There's no doubt that the Predator 21 X is a monster. It's the first gaming laptop to sport a 21" curved IPS display of 2560 x 1080px and its dual Nvidia GeForce GTX 1080 GPUs support the awesome G-Sync technology. The CPU options include the latest 7th-gen Intel Core K-series.
Inside the belly of the beast is space for up to 64GB of DDR4 RAM and four terabytes of SSD storage. This machine isn't light, at near 8 kilos, but we guess that was to be expected. It was designed to be moved easily, not to be light on your lap.
It's heavy and there are other goodies to blame for that too - Tobi eye-tracking, LED RGB mechanical keyboard with CherryMX switches and a SoundPound2+ sound system (4 speakers and 2 subwoofers). The list of cool features goes on with a numpad that flips over to become a touchpad, a large window that shows off a few of the five cooling fans.
You bet Acer brought the Predator 21 X at IFA and it looks, well, alien. It's impressive however you look at it, and while it is heavy, it offers uncompromising gaming experience and a ton of coolness.
Each Predator 21 X will be made to order and shipping starts in January, 2017. Pricing is yet to be detailed.

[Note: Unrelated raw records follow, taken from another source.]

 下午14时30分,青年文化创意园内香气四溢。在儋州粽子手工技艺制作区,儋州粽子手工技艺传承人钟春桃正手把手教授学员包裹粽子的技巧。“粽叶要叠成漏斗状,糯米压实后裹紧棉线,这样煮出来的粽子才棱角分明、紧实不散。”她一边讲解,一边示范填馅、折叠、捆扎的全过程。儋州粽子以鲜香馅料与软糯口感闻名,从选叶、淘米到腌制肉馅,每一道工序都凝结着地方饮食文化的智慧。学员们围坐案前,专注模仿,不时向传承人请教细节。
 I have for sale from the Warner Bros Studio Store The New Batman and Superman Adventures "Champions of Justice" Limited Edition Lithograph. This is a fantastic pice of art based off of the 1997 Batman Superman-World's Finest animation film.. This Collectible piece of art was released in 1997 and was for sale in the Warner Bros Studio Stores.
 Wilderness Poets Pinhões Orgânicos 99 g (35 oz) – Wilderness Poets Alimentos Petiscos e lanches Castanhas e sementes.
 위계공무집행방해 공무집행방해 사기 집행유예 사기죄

Acer collaborated with Starbreeze and IMAX for a new breed of VR headset. Acer didn't want to compete in the home VR experience segment and instead jumped on the public entertainment, such is the IMAX.
This new StarVR will be available in the LA's IMAX VR Center, which will have a grand opening this year. This is just the first experience center of many others to follow soon after.

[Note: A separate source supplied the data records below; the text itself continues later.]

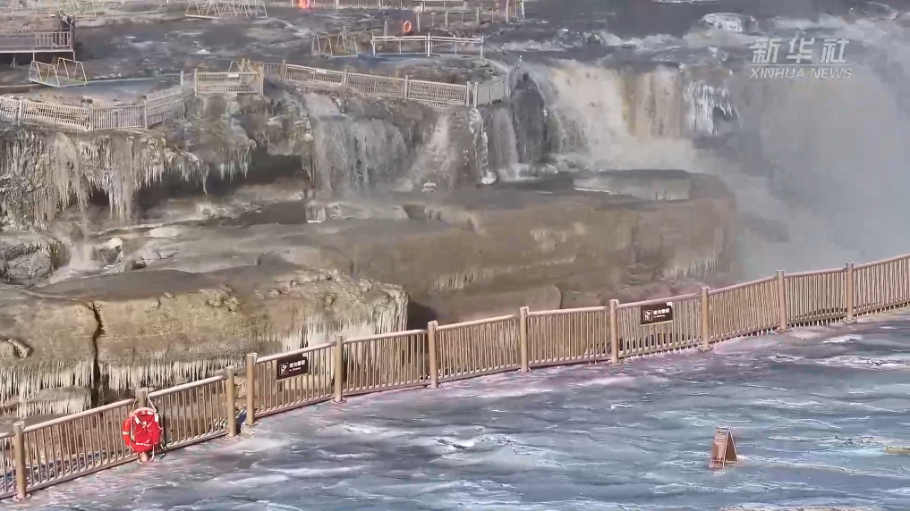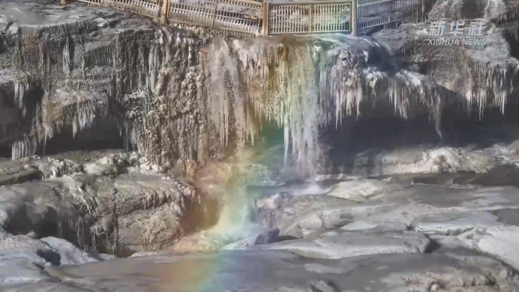 近日,受降温天气影响,黄河壶口瀑布出现冰挂美景,层层叠叠,晶莹剔透,与瀑布上空的彩虹交相辉映,为冬日的壶口瀑布增添一抹亮色和诗意。
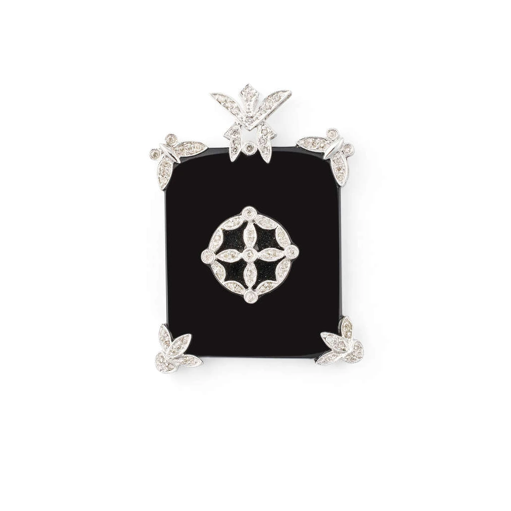 PINGENTE OURO BRANCO 18K COM ÔNIX PRETA E DIAMANTES
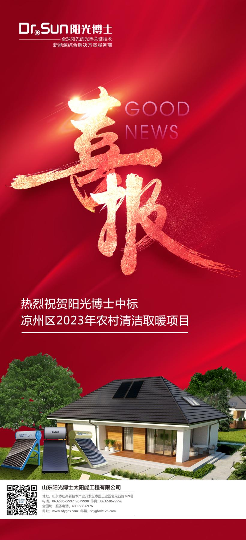 陽光博士憑借優(yōu)質(zhì)的產(chǎn)品質(zhì)量,過硬的技術(shù)能力,良好的市場口碑,在眾多競爭對手中脫穎而出,成功中標(biāo)涼州區(qū)2023年農(nóng)村分散農(nóng)戶清潔取暖改造項目。
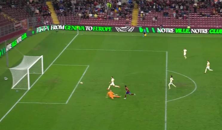 Все завершилось выходом Нжо один на один с обыгрышем Ризныка. Лилиан финишировал ударом в пустые ворота. 1:0! По сумме двух матчей Серветт вышел вперед.
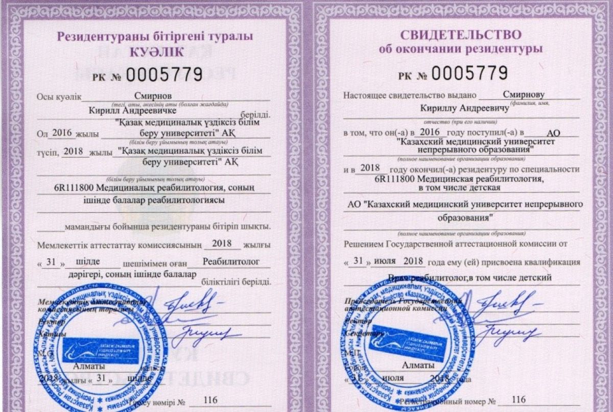 2018г. Казахский медицинский университет непрерывного обучения резидентура по специальности “Медицинская реабилитология”
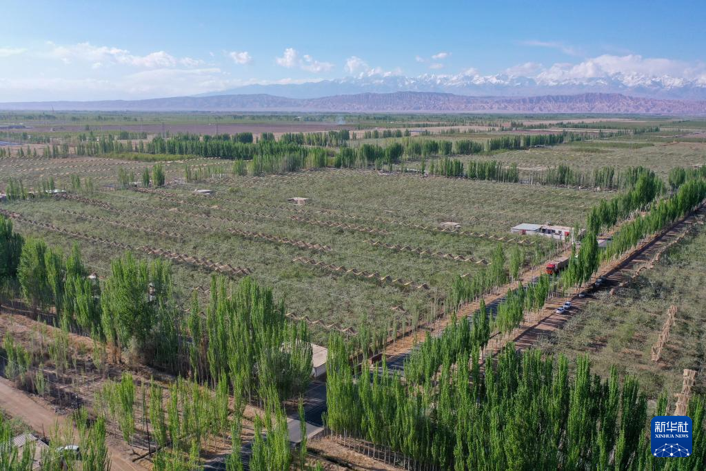 在新疆和田地区和田县三万亩群众防沙治沙区,当地在开心果林地套种南瓜(4月16日摄,无人机照片)。
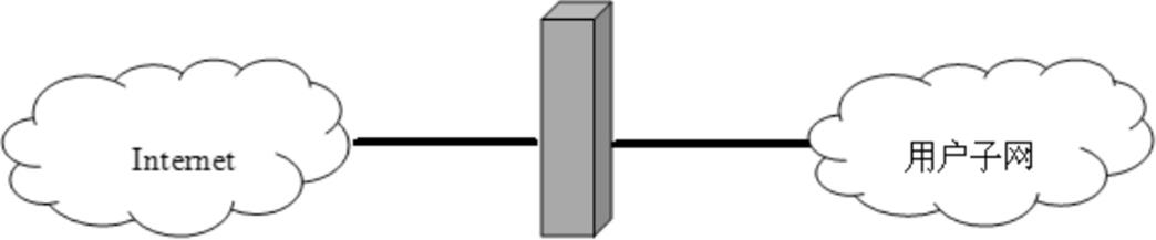 防火墙可以被安全放置在一个单独的路由器中,用来过滤不想要的信息包,也可以被安装在路由器和主机中,发挥更大的网络安全保护作用。简单说防火墙是位于可信网络与不可信网络之间并对二者之间流动的数据包进行检查的一台、多台电脑或路由器,如图1-5所示为简单的防火墙示意图。通常,可信网络指内部网,不可信网络指外部网,如Internet。
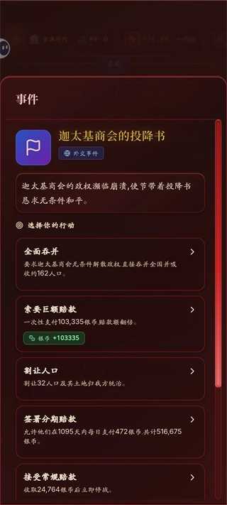 10、打仗过程中,其他国会来求和,全部拒绝(除非对面兵力高,再打下去打不过)。等战争分到350,出现吞并选项之后,就可以答应了。别选吞并!!!我们的目的是发战争财,把别的国家当血包养,一定要选分期付款。

As you can see StarVR isn't even targeting the end users, instead Acer wants to ship it directly in mass batches to businesses.
The StarVR has 5K resolution and offers a 210-degree field-of-view. It looks really good and is almost like having a full peripheral vision at your disposal, blur-free. The effect is achieved by two different panels positioned at a specific angle and a sophisticated set of lenses.

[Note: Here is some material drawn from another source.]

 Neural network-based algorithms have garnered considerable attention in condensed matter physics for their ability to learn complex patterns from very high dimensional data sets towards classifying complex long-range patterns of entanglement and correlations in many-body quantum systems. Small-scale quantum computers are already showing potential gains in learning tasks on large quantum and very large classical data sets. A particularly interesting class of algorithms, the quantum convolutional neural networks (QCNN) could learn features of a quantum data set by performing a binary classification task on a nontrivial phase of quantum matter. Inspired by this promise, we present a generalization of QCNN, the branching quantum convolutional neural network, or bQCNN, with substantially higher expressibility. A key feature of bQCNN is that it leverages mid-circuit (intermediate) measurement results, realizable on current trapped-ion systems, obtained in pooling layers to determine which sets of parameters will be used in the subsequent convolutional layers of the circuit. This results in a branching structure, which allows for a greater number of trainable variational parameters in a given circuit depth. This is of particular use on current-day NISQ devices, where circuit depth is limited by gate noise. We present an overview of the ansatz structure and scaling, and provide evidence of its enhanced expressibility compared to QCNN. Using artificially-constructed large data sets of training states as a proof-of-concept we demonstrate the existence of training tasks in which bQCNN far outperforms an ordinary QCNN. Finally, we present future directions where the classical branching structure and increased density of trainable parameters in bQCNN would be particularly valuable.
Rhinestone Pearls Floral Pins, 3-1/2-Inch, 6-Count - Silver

Instead of two individual ocular lenses, the headset has just one big viewport for your eyes, like a ski mask. Interestingly, the seam between the two panels is barely noticeable, but it's there.
The good news is that the headset is quite lightweight.
Currently the headset supports only head-tracking, but Acer says it is experimenting with room-tracking and even other sensors. Right now they are testing a shotgun accessory with tracking and shooting.
It seems Acer's experiments may indeed succeed into blurring the line between the spectator and participant in movies and games, but we are yet to experience that. Then again, the first game centers utilizing the headset will open later this year - we can't wait to try one of these in action.